Fırın

 


“Ümit Kaftancıoğlu Öykü Ödülleri 2007”

Birincilik, ikincilik ve üçüncülükle
ödüllendirilen öykülerin tümünü, Ağustos - Eylül dergimizde yayımlıyoruz.




Fırınımız ana caddeye açılan sokağın hemen başındaydı. Berber, bakkal, manav, bizim fırın ve kasap yan yana dizilmişlerdi. Dükkânların üstü mütahit Armağan Bey'in eviydi. Altında beş koca dükkân olan bu ev, kim bilir ne kadar büyüktü. Denildiğine göre her oğlunun bir odası varmış. Oğlanların ikisi benden büyük, öteki daha küçüktü. Üçü de fırına ekmek almaya inmezlerdi. Hangi gün, hangi saat kaç ekmeğe ihtiyaçlarının olduğunu bilirdi babam.

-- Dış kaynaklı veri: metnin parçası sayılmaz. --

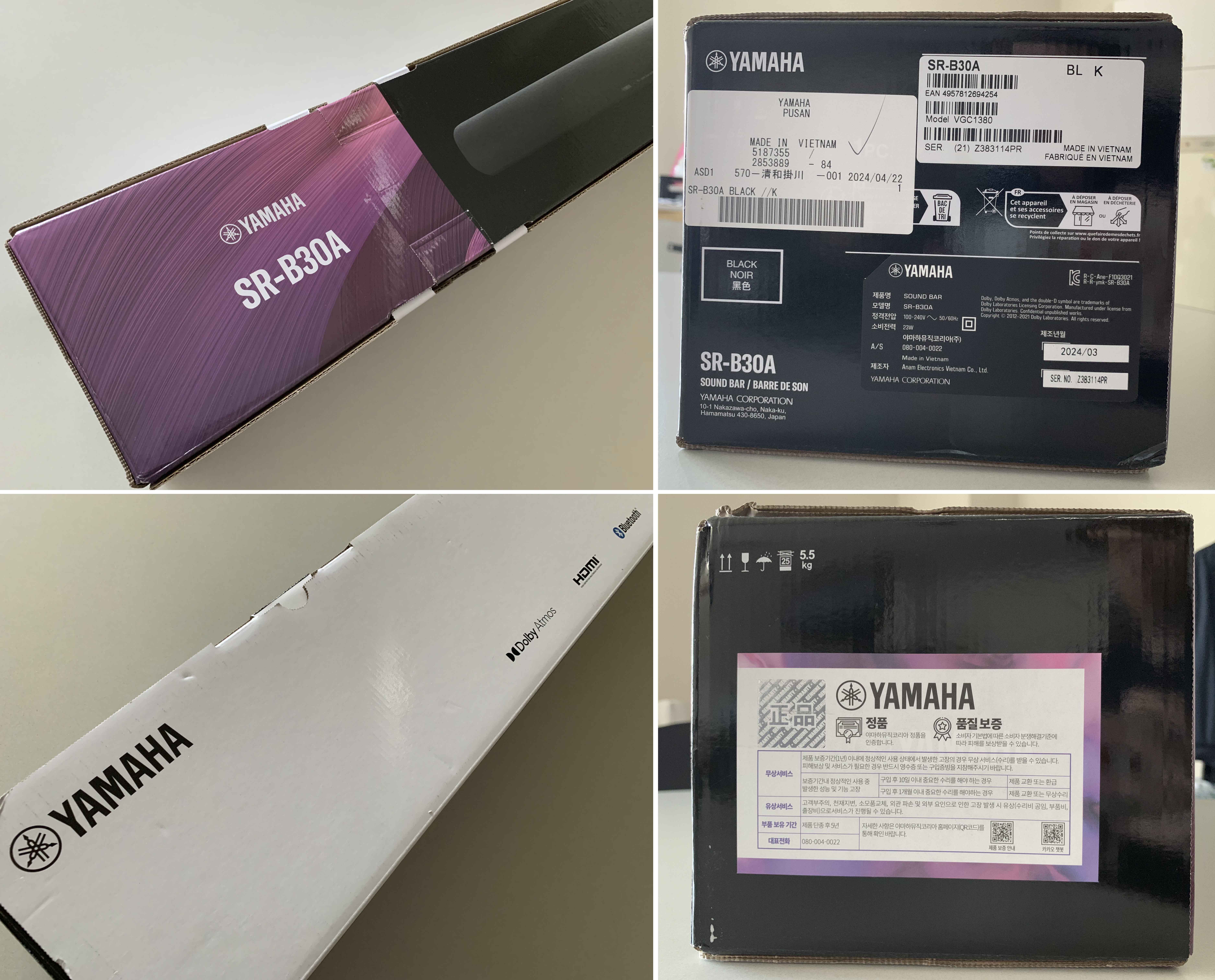 구성품은 야마하 SR-B30A 사운드바, 벽에 장착할때 필요한 사용하는 장착 템플릿과 스페이서 2개, 리모콘, 전원 케이블, HDMI케이블, 사용자 매뉴얼(안전가이드, 제품등록, 보증서, 빠른 설명서) 등이 있습니다.
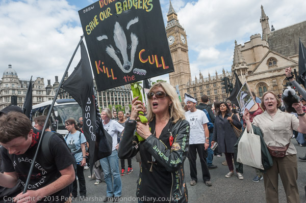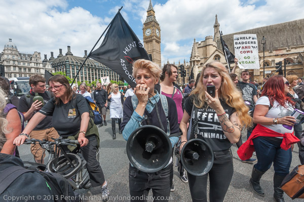 Among the suporters were Hunt Sabs with black banners
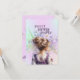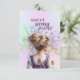 A faded vase of wildflowers is the background which is on another background of festive purple and mint.
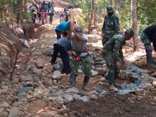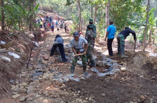 Batang – Dengan tenaga yang ekstra prima serta gatal membantu warga, Serka Mudiharso Satgas TMMD Reguler 103 yang juga sebagai anggota Kodim 0736/Batang ini, tampil trengginas memecahkan batu gunung sebagai bahan utama pembuatan Makadam sepanjang 422 meter dan target pengaspalan 2359 m di desa sasaran Durenombo Selasa (16/10/2018).
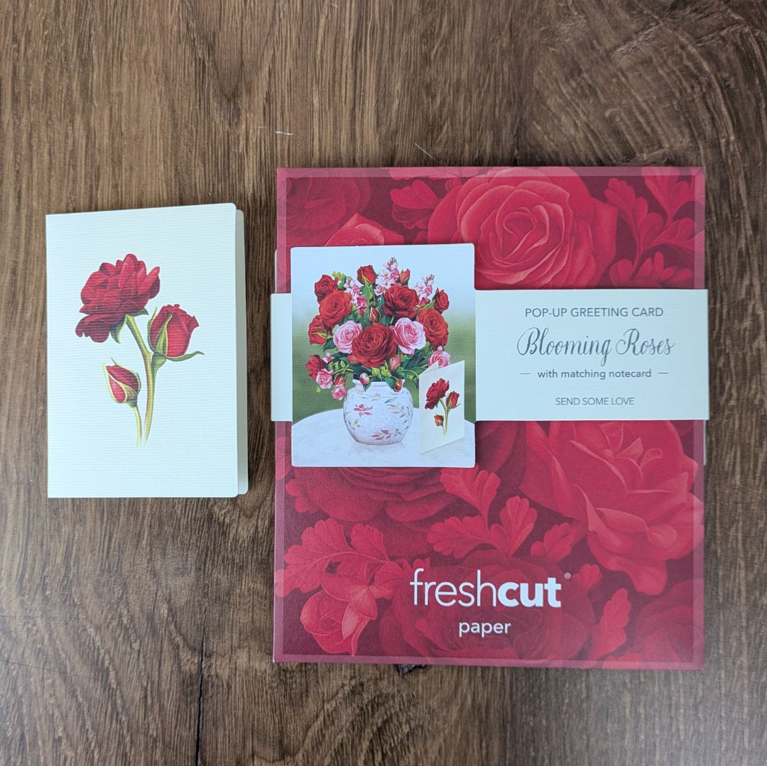 • Intricate 3-D rose bouquet that pops up when opened
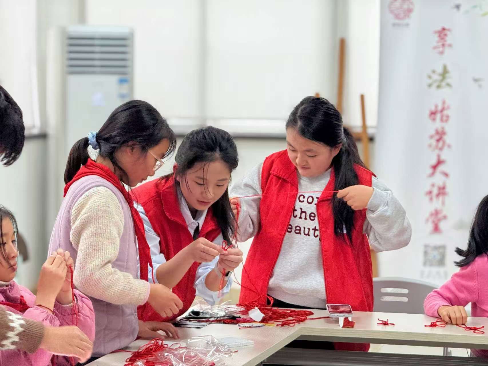 活動現場,志愿者提前備好紅繩、剪刀等材料,為活動開展提供堅實保障。志愿者結合小學生認知特點設計專屬教學流程:講解環節以“紅繩寄愿、平安納福”為核心,用通俗有趣的語言講述中國結的歷史淵源,并通過現場演示,分步拆解平結、金剛結的編織技巧,耐心指導孩子們完成編織操作。活動過程中,孩子們熱情高漲、積極參與,在互相幫助、共同協作中解決編織難題。經過近一小時的實踐創作,一個個飽含祝福的紅繩手繩順利完成。志愿者王馨嬌笑著說:“雖然教孩子們編結要反復講解步驟,但看到他們捧著成品的笑臉,就覺得特別值得。”
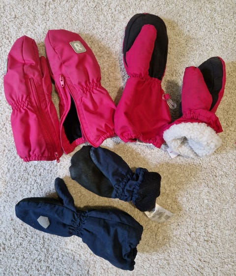 Lasten hanskat menevät liikkuessa ja ryömiessä jatkuvasti likaiseksi, minkä huomaakin pyykkimäärästä. Kotona kannattaakin olla useammat lasten rukkaset ja hanskat. Näistä voi hyvin ostaa ainakin osan käytettynä ja säästää näin vaatebudjetissa.
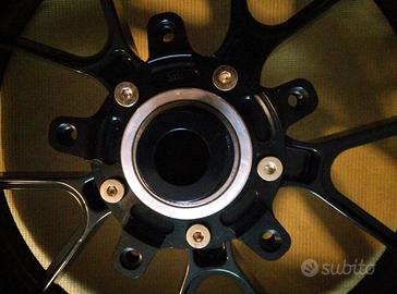 vendo un cerchio posteriore Marchesini in alluminio forgiato, misura 6x17 pollici. Il cerchio è completo di cuscinetti, distanziali, ammortizzatore e supporto pignone, come si vede nelle foto. Il diametro del perno passante è di 25 mm, il cerchio può essere adattato a diverse moto.
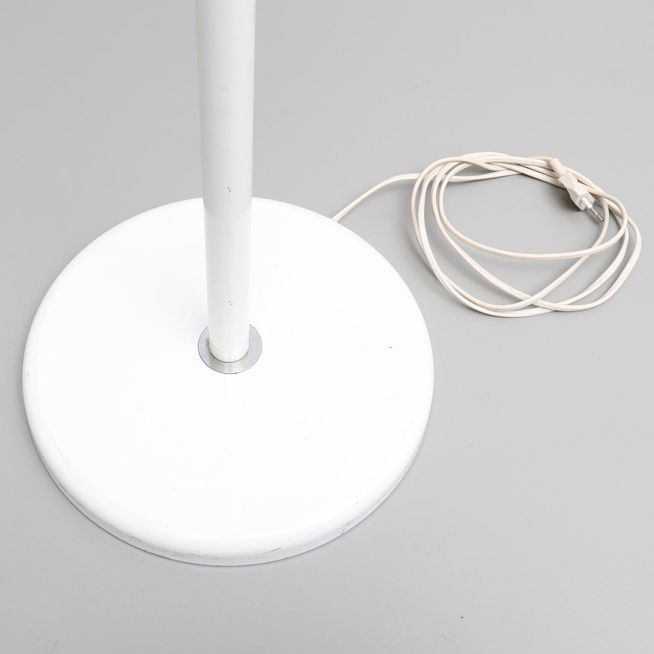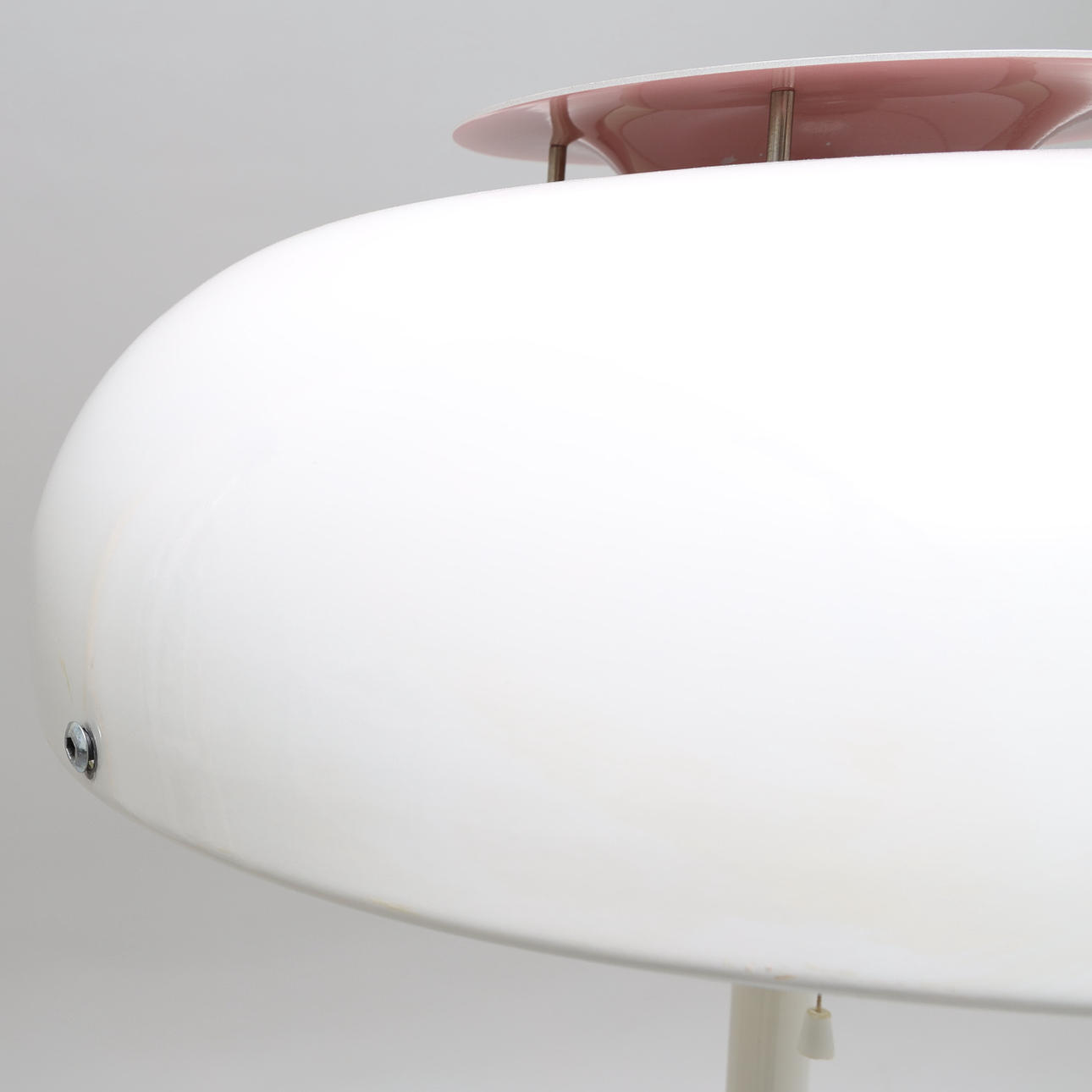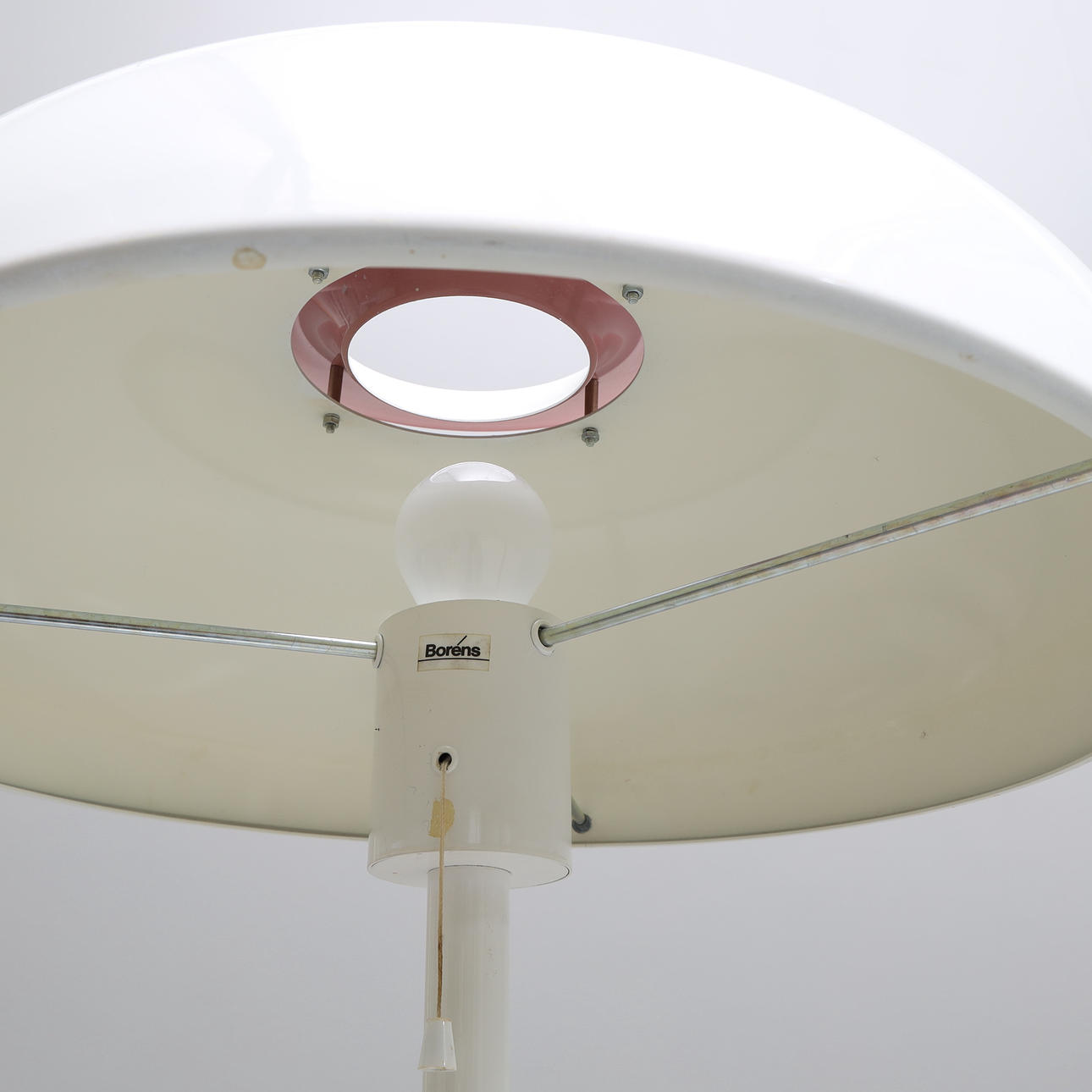 Hvidlakeret metal, den reflekterende del af skærmen har en pink tone.
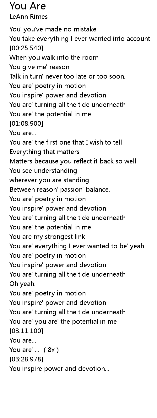 | [01:56.739] | You are' poetry in motion |
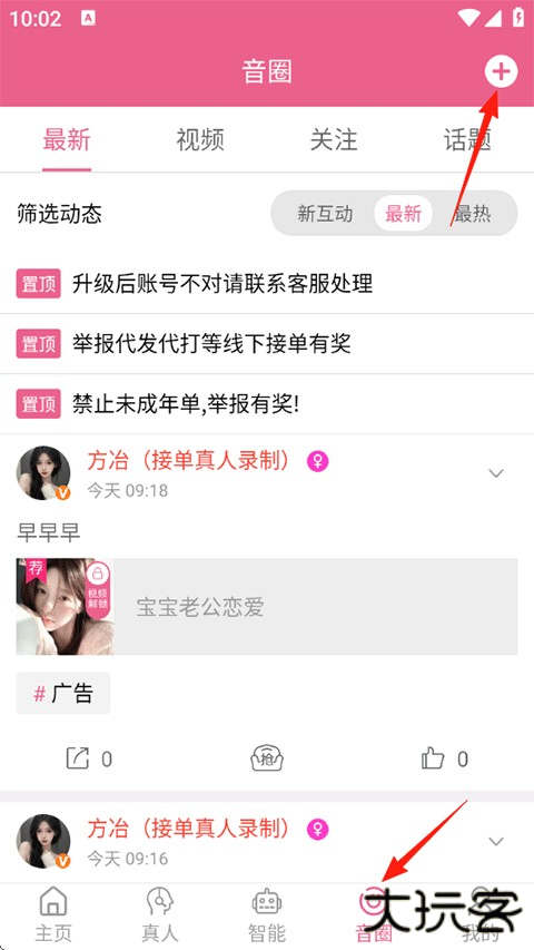 1、打开萌配音APP,首页点击音圈-右上角+图标;
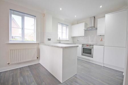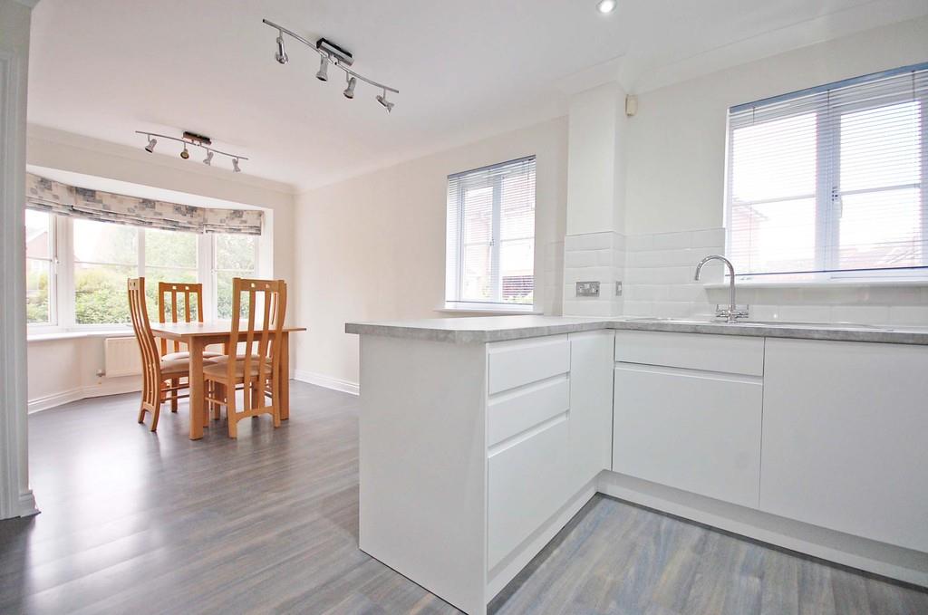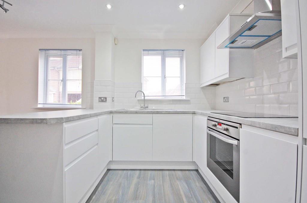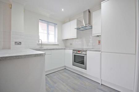 Double glazed windows to side and bay window to front aspect, matching wall and base units with edged work surfaces, one and a half bowl sink and drainer with central mixer taps, built-in oven, electric hob, extractor hood, space for fridge/freezer, wall-mounted boiler in cupboard, radiator, laminate wood flooring, understairs storage cupboard, smooth ceiling.

Susamı bol, iyice gevremiş pideleri özenle tepsiye yerleştirir, üstüne bez örter, daha buğusu üstündeyken yukarıya Nazan yengeye ulaştırmamı isterdi benden. Zile basınca Çıt diye açılırdı apartmanın kapısı. Bu Çıt sesi öylesine hoşuma giderdi ki... daha kapı geri örtülmeden o zevkle Nazan yengenin yanına çıkmış olurdum. “Karaoğlan” derdi bana Nazan yenge; “yine sen mi geldin?...” Ses etmezdim. Belki utana sıkıla gülerdim. Koca koca memeleri vardı Nazan yengenin, ak mı ak... Anneminkine hiç benzemeyen cinsten... Memelere mi bakacağım, oğullarının odalarını mı göreceğim kapı aralığından, yoksa yine bahşiş hazırlamış mı diye merak edecekken, o kısacık zaman aralığı hemen biterdi. “İyi” derdim kendi kendime, aşağıya inerken, “iyi ki derslerimin nasıl olduğunu sormadı Nazan yenge.”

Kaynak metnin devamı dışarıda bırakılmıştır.